### Task brief
I'd like the full listing transcribed exactly, with no images included.

### Information supplied
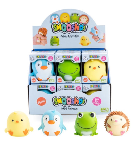 4 assorted cute animals: penguin, chick, hedgehog & frog
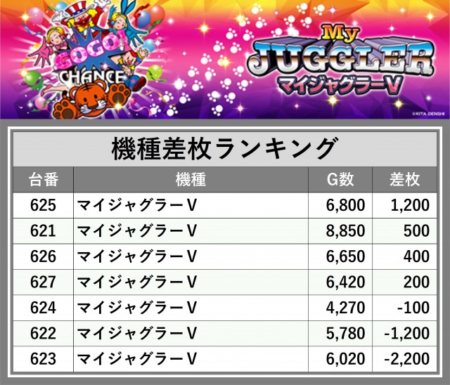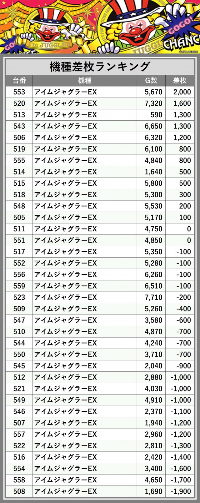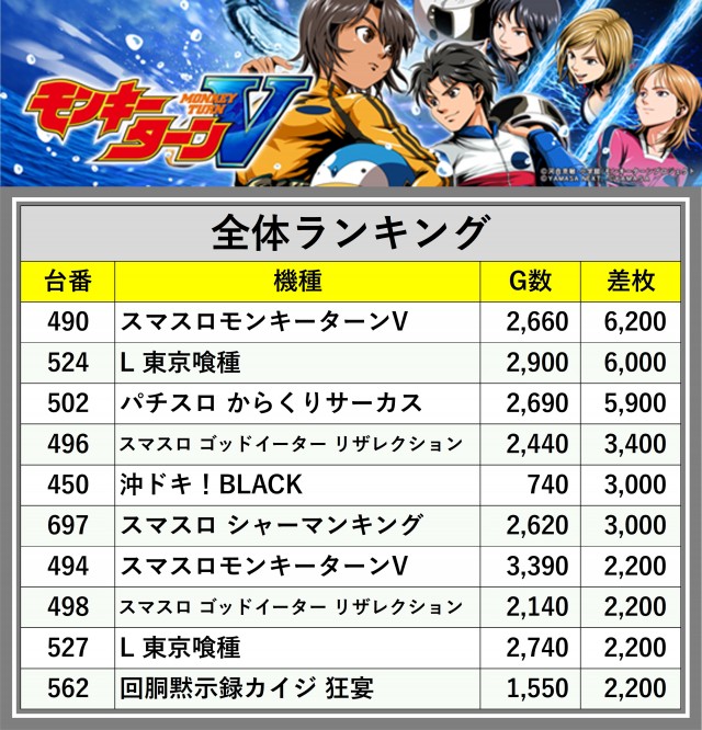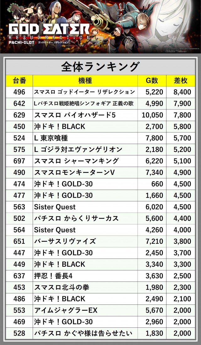 ※差枚数順に掲載しています
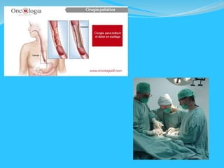 El documento aborda la cirugía, incluyendo tipos, anestesia y cuidados de enfermería pre, trans y postoperatorios. Se clasifican las cirugías según su objetivo, necesidad, modalidad y características del tejido, y se explican los diversos tipos de anestesia y sus efectos. También se destaca la importancia de la atención preoperatoria y la evaluación rigurosa del paciente para minimizar riesgos y asegurar una recuperación exitosa.
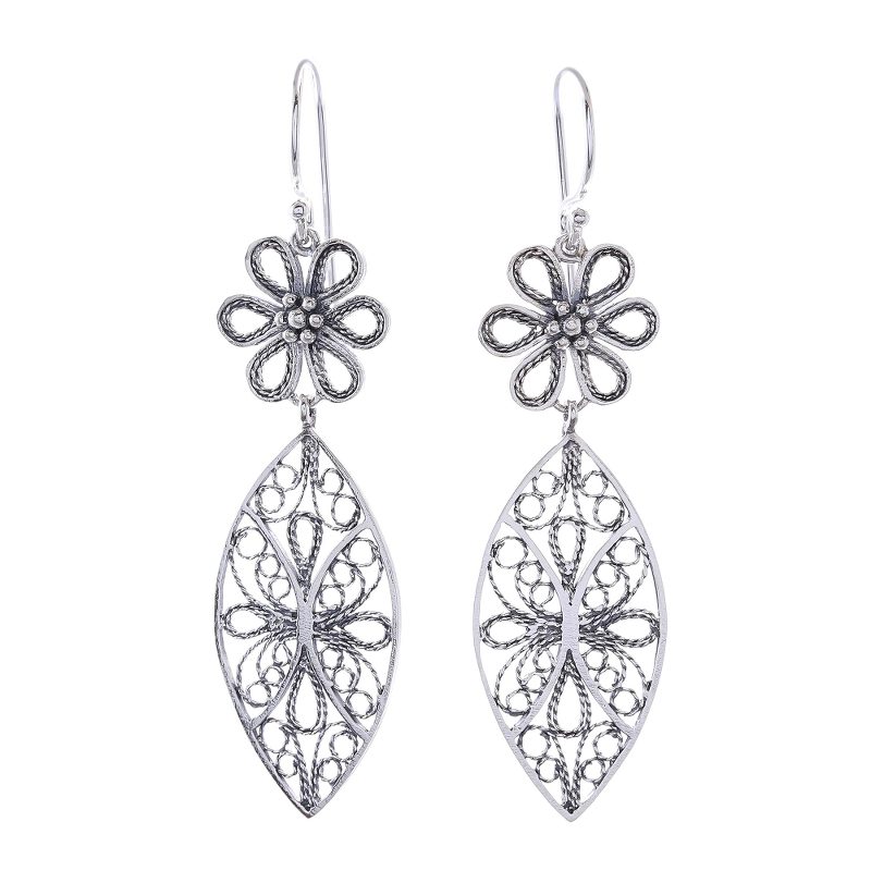 Backed by our 100% Happiness GuaranteeThai artisan Lalana exalts the beauty of fine filigree work. Handcrafted rope patterns in sterling silver fill two eye-shaped segments that dangle below elegant daisies.

### Output
 4 assorted cute animals: penguin, chick, hedgehog & frog
 ※差枚数順に掲載しています
 El documento aborda la cirugía, incluyendo tipos, anestesia y cuidados de enfermería pre, trans y postoperatorios. Se clasifican las cirugías según su objetivo, necesidad, modalidad y características del tejido, y se explican los diversos tipos de anestesia y sus efectos. También se destaca la importancia de la atención preoperatoria y la evaluación rigurosa del paciente para minimizar riesgos y asegurar una recuperación exitosa.
 Backed by our 100% Happiness GuaranteeThai artisan Lalana exalts the beauty of fine filigree work. Handcrafted rope patterns in sterling silver fill two eye-shaped segments that dangle below elegant daisies.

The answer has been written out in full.